Na ultima semana o SISE abriu uma consulta pública, por meio de formulário eletrônico, envolvendo dois segmentos da comunidade escolar, PAIS/RESPONSÁVEIS e PROFISSIONAIS DA EDUCAÇÃO. A seguir destacamos as imagens dos gráficos com os principais resultados.
Podemos destacar que a maioria nos dois segmentos é contra o retorno neste momento, tanto na opinião, quanto em análise das condições tecnológicas, estruturais e sanitárias das escolas. A imunização completa precisa avançar mais, pois pelas datas da segunda dose ainda temos muito a evoluir. A estrutura física, tecnológica e sanitária das escolas públicas municipais precisa passar por adequações. Profissionais da educação precisam ter sua formação ampliada para se adequarem a esta nova realidade. As famílias, principalmente aqueles que terão contato com o ambiente escolar, também precisam experimentar um processo formativo para vivenciar este processo. Os estudantes devem ser encarados de forma mais incisiva no que tange a adoção dos protocolos, eles formam o público com pouquíssima ou nenhuma cobertura vacinal, algo bastante preocupante.  Porém, algo que traz um nível maior de preocupação é o fato de haver pessoas dos dois grupos afirmando que não pretendem tomar a vacina, precisamos saber quais as possíveis consequências e quais ações serão adotadas pelos entes governamentais.
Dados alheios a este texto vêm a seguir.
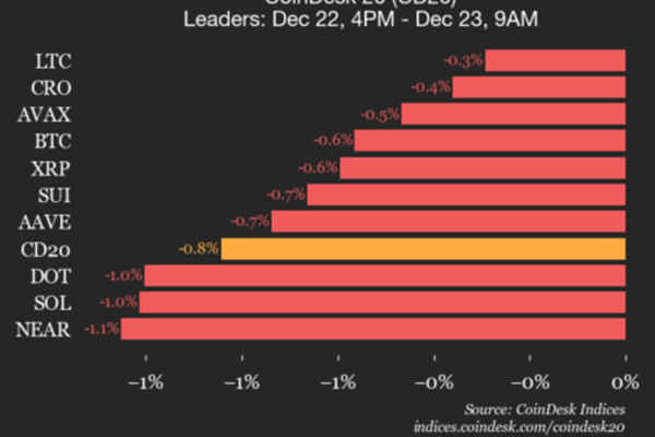 تحديث أداء CoinDesk 20: انخفاض Uniswap بنسبة 3.7% مع تراجع جميع مكونات المؤشر

Outro dado a ser observado e que separamos no gráfico abaixo é a manifestada falta de preparo para lidar com esta nova realidade, em nossa concepção este preparo envolve a dificuldade na posse e utilização do aparato tecnológico  necessário no formato híbrido e também a adequação ás regras de distanciamento aliada à utilização de EPI.
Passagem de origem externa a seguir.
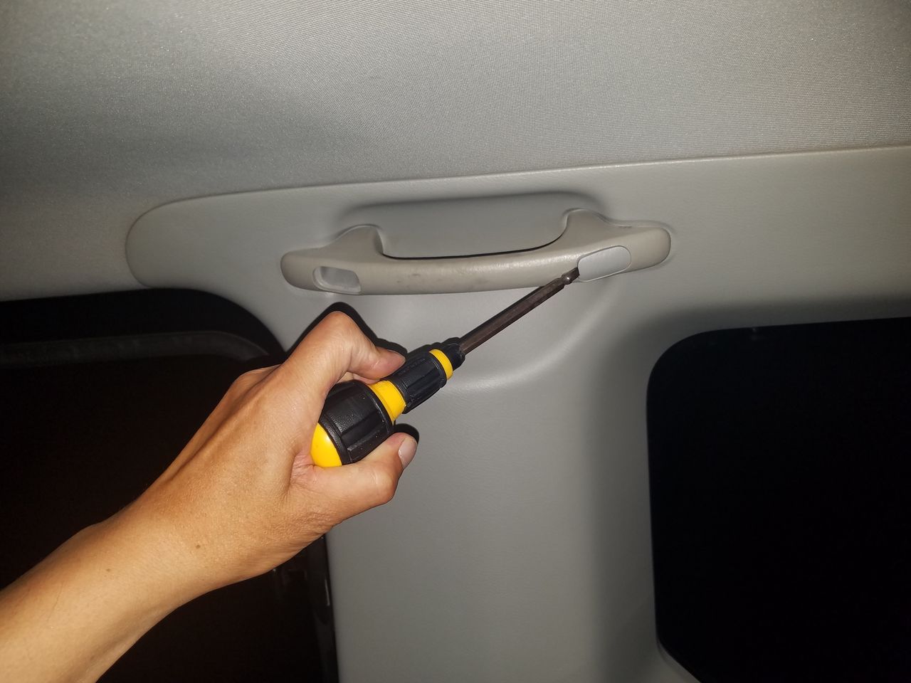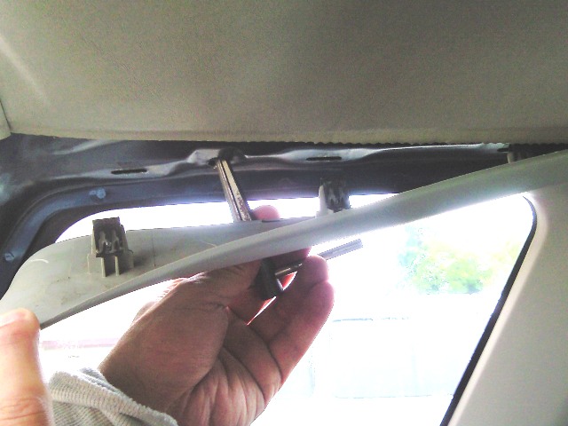 荷室に穴がない場合の取り付け手順(【コゾウキット】 手すり&ターンナットネジ留め(蝶番ステー)タイプ) (2)この写真にはありませんが3列目荷室窓後方下部にもネジが一個付いてるのでそれも外します。 (3)プラスティック車壁カバーを指で広げます。 |

Porém, entendemos haver a necessidade de algum período de interação presencial ainda em 2021, afinal, não seria lógico começar 2022 ainda ensaiando um retorno. Obviamente isto dependerá da imunização, das condições das escolas e do comportamento da pandemia[...]
Leia a matéria completa no site da entidade (www.sisecf.com.br) ou na página do SISE no Facebook.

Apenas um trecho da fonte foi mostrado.